--- Records shown Enclosed Below ---

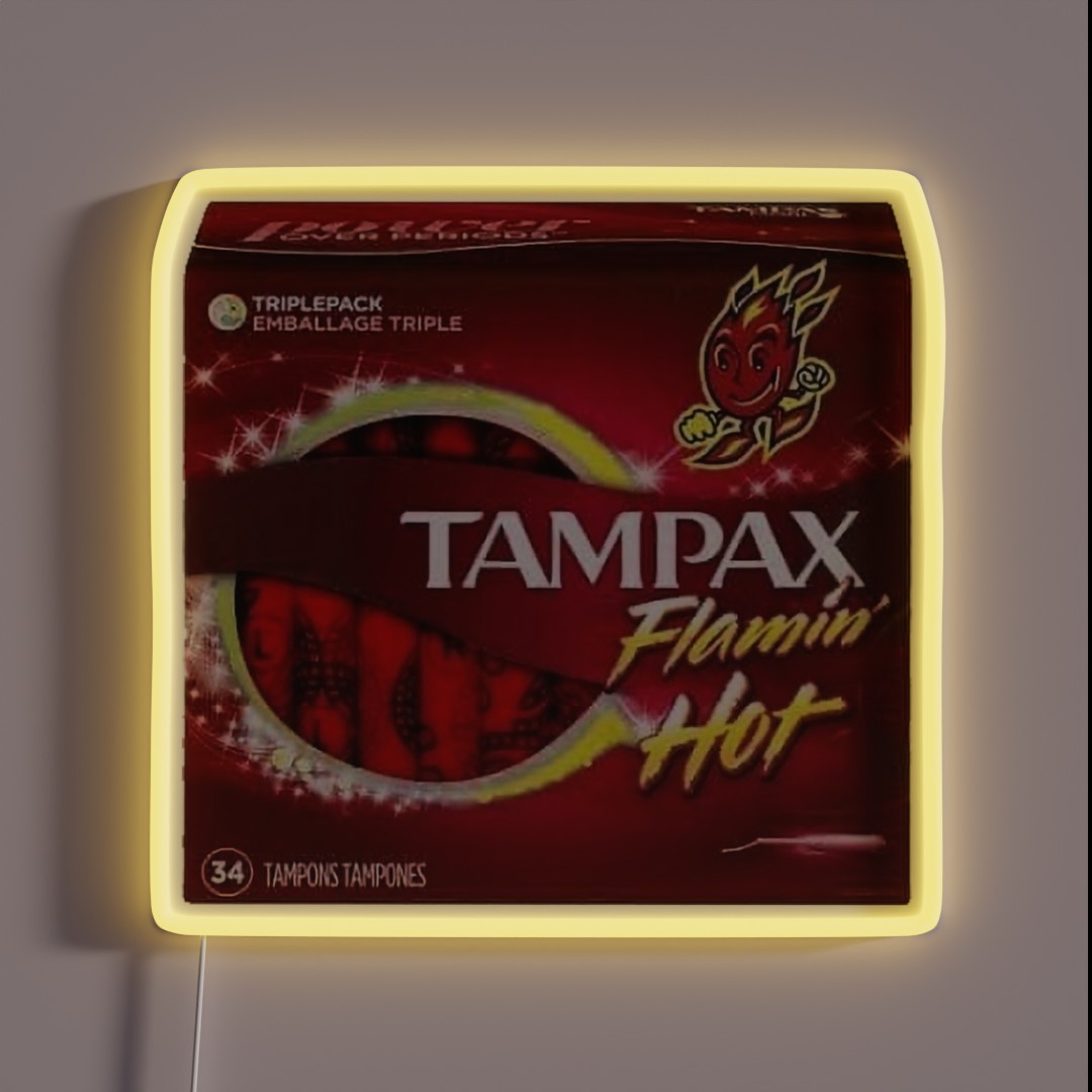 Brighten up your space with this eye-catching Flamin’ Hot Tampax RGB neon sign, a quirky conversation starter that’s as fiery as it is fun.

--- End of Enclosed Records shown ---
--- Records shown Enclosed Below ---

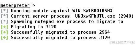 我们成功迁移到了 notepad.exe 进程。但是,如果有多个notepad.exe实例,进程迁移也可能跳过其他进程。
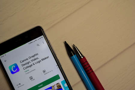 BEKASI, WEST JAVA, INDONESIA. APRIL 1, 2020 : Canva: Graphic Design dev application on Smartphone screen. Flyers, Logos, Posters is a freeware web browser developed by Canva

--- End of Enclosed Records shown ---
--- Records shown Enclosed Below ---

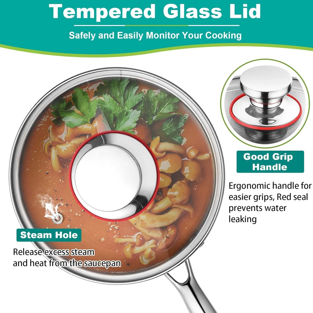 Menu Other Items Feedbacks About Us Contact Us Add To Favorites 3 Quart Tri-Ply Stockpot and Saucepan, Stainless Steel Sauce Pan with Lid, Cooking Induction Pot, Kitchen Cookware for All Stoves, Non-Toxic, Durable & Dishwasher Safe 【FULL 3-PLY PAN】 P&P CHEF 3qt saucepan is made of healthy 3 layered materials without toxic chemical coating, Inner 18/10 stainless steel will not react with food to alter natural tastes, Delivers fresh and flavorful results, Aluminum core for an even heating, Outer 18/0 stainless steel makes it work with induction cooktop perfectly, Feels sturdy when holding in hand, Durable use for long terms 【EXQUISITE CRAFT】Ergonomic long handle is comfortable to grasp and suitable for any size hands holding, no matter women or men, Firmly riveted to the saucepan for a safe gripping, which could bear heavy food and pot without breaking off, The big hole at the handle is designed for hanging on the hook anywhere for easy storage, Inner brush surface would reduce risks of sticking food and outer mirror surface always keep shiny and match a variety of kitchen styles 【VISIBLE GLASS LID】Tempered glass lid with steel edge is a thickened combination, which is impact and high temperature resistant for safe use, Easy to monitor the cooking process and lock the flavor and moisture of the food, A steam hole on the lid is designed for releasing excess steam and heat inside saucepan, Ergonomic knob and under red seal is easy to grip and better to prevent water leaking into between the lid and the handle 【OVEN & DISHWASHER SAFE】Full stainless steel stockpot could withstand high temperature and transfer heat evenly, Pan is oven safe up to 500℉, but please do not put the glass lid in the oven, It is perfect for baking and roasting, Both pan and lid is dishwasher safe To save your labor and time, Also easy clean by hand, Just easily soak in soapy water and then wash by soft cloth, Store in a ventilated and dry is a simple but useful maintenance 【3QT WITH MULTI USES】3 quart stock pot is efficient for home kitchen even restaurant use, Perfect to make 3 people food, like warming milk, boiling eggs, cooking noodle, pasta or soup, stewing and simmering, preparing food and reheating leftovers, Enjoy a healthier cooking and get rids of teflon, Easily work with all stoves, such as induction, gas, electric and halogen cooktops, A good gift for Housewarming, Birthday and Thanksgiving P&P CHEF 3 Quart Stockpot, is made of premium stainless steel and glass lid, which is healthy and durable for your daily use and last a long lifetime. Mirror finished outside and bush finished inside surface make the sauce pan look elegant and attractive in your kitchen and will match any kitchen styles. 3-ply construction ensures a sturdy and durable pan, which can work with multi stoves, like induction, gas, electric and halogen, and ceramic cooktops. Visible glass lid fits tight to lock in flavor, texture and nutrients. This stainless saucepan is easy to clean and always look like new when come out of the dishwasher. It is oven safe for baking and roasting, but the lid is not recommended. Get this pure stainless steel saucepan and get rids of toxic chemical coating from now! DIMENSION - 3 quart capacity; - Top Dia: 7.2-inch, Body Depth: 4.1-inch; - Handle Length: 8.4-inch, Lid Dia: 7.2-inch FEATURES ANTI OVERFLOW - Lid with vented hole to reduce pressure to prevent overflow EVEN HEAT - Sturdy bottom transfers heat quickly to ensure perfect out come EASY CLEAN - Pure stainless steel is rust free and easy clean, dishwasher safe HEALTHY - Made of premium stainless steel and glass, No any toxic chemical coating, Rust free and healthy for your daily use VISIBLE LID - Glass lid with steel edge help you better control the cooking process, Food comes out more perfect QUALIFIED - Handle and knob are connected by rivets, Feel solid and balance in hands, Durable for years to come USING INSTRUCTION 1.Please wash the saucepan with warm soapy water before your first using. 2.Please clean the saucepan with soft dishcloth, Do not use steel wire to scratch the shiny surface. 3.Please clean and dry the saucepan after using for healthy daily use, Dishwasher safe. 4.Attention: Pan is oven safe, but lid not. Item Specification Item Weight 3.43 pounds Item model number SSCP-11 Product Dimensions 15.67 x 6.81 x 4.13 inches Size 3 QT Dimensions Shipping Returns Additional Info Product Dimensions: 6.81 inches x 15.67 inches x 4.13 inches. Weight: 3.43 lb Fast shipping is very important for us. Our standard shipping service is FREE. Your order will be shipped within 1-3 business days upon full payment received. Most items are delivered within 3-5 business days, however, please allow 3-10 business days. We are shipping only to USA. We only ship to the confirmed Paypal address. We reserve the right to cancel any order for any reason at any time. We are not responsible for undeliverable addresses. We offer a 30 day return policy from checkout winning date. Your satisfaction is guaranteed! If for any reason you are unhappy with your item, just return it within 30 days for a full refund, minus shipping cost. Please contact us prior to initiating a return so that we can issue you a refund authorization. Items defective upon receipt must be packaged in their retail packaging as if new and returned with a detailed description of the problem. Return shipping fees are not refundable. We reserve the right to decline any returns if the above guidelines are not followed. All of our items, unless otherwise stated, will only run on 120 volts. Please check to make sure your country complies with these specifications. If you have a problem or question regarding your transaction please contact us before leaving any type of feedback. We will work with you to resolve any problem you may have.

--- End of Enclosed Records shown ---

Work instruction
Each line from the one that contains "我们成功迁移到了 notepad.exe 进程。但是,如果有多个notepad.exe实例,进程迁移也可能跳过其他进程。" down to the one that contains "BEKASI, WEST JAVA, INDONESIA." is to be returned exactly as it stands above, both ends included, with pictures removed.

Task response
 我们成功迁移到了 notepad.exe 进程。但是,如果有多个notepad.exe实例,进程迁移也可能跳过其他进程。
 BEKASI, WEST JAVA, INDONESIA. APRIL 1, 2020 : Canva: Graphic Design dev application on Smartphone screen. Flyers, Logos, Posters is a freeware web browser developed by Canva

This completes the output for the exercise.